The harmful economic fallout from the Machinists Union’s decision November 13th to reject Boeing’s long-term contract offer continues. Moody’s Weekly Credit Outlook on U.S. Public Finance for November 21st reports the union decision is “…increasing the likelihood the company will pursue out-of-state manufacturing locations to produce its new 777X jetliners.” If that happens, “it would be a credit negative for the State of Washington,” according to Moody’s analyst Andrea Unsworth.
The severity of the economic hit state is undeniable.
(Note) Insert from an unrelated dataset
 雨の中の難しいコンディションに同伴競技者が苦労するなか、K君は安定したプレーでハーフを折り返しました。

Moody’s reports “…the agreement would have ensured that thousands of high-paying, highly skilled aerospace manufacturing jobs stay in the region,” and, “The company and its suppliers, employees and other related companies generated approximately $76 billion in economic activity for the state in 2012.” The analysis notes the devastating impact such a loss in economic activity would have on state and local sales tax collections and on state Business and Occupation tax collections.
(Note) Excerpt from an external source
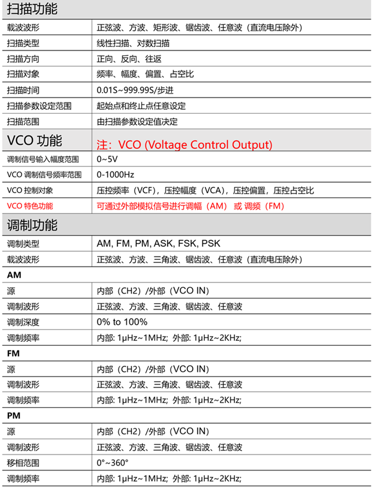 ◆ VCO功能:支持VCO電壓控制信號各參數輸出功能(例如壓控振蕩器)。

The bad news is the culmination of policies long pursued by Democratic office-holders that have enhanced the power of their union allies. A series of Democratic governors have consistently blocked worker-rights reforms that would have reduced the power of unions to disrupt the state’s manufacturing economy.
For example, In Governor Gary Locke signed legislation giving public sector unions collective bargaining power within the state budget, meaning increases in pay, benefits and unions dues collections are decided outside the legislative process. Christine Gregoire was a close political ally of labor unions, increasing taxes in 2005 and pumping millions of additional money into spending which in turn, through mandatory dues, enriched union bank accounts.
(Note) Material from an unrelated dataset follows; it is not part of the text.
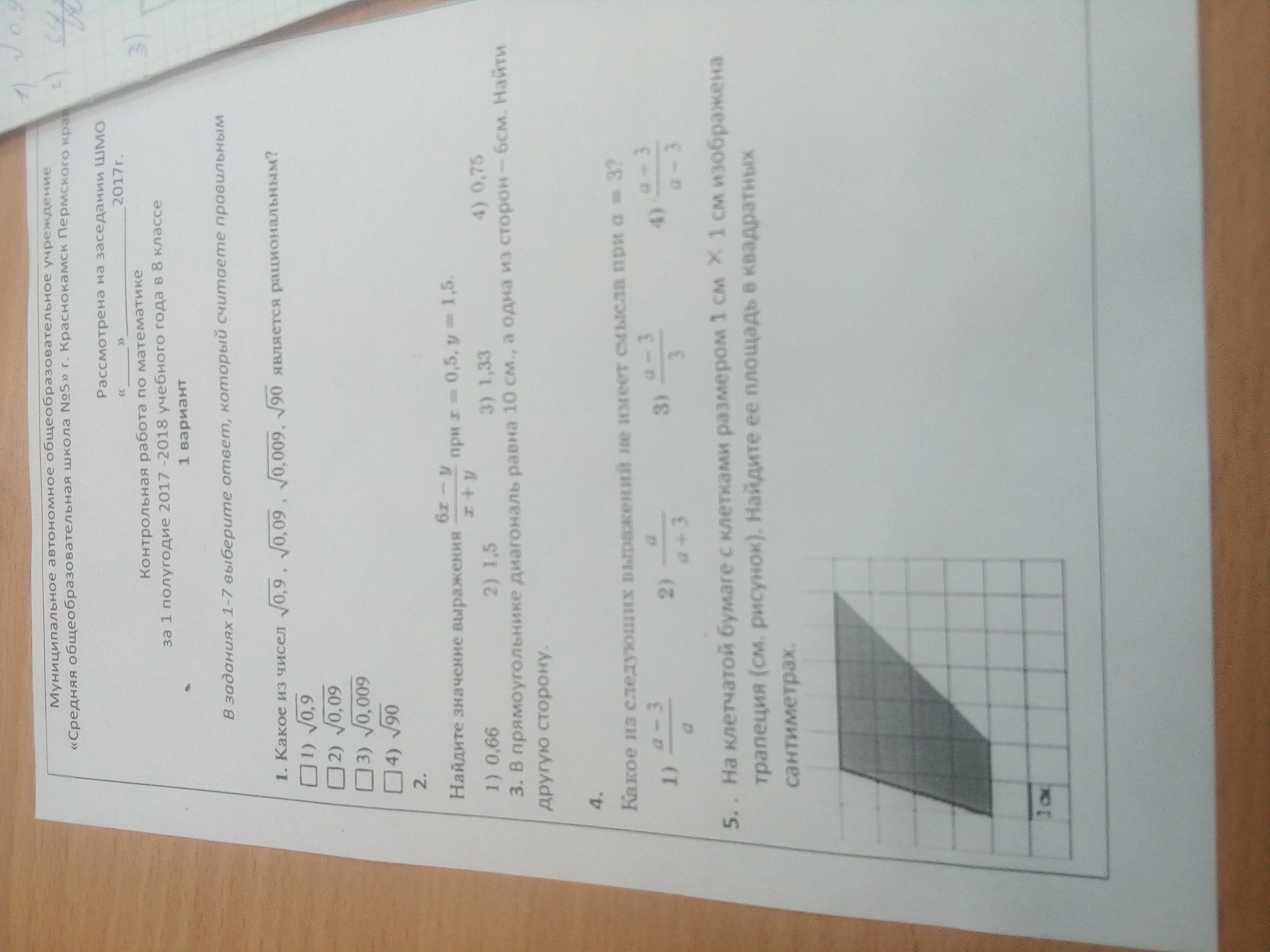 5. Площадь трапеции равна полусумме оснований на высоту:

For Governor Jay Inslee, union money was a key element in his campaign for governor. In return, he remains stoutly opposed to worker choice legislation or any reform that would limit the political and economic influence of unions. Even the skilled machinists who voted for the contract offer and want to work on Boeing’s 777X airplane under the new employee plan will be barred from doing so by mandatory union rules.
In 2008 the Machinists Union went on strike for eight weeks, costing Boeing an estimated $100 million a day. The company wanted a new agreement that would ensure the labor peace in the aerospace sector at least through 2024. The union said no. Their refusal may downgrade Washington’s credit rating and deliver a major political blow to Jay Inslee. Given the risks they face, Democrats may wish they had found ways to reduce the union’s ability to hurt the aerospace industry when they had the chance.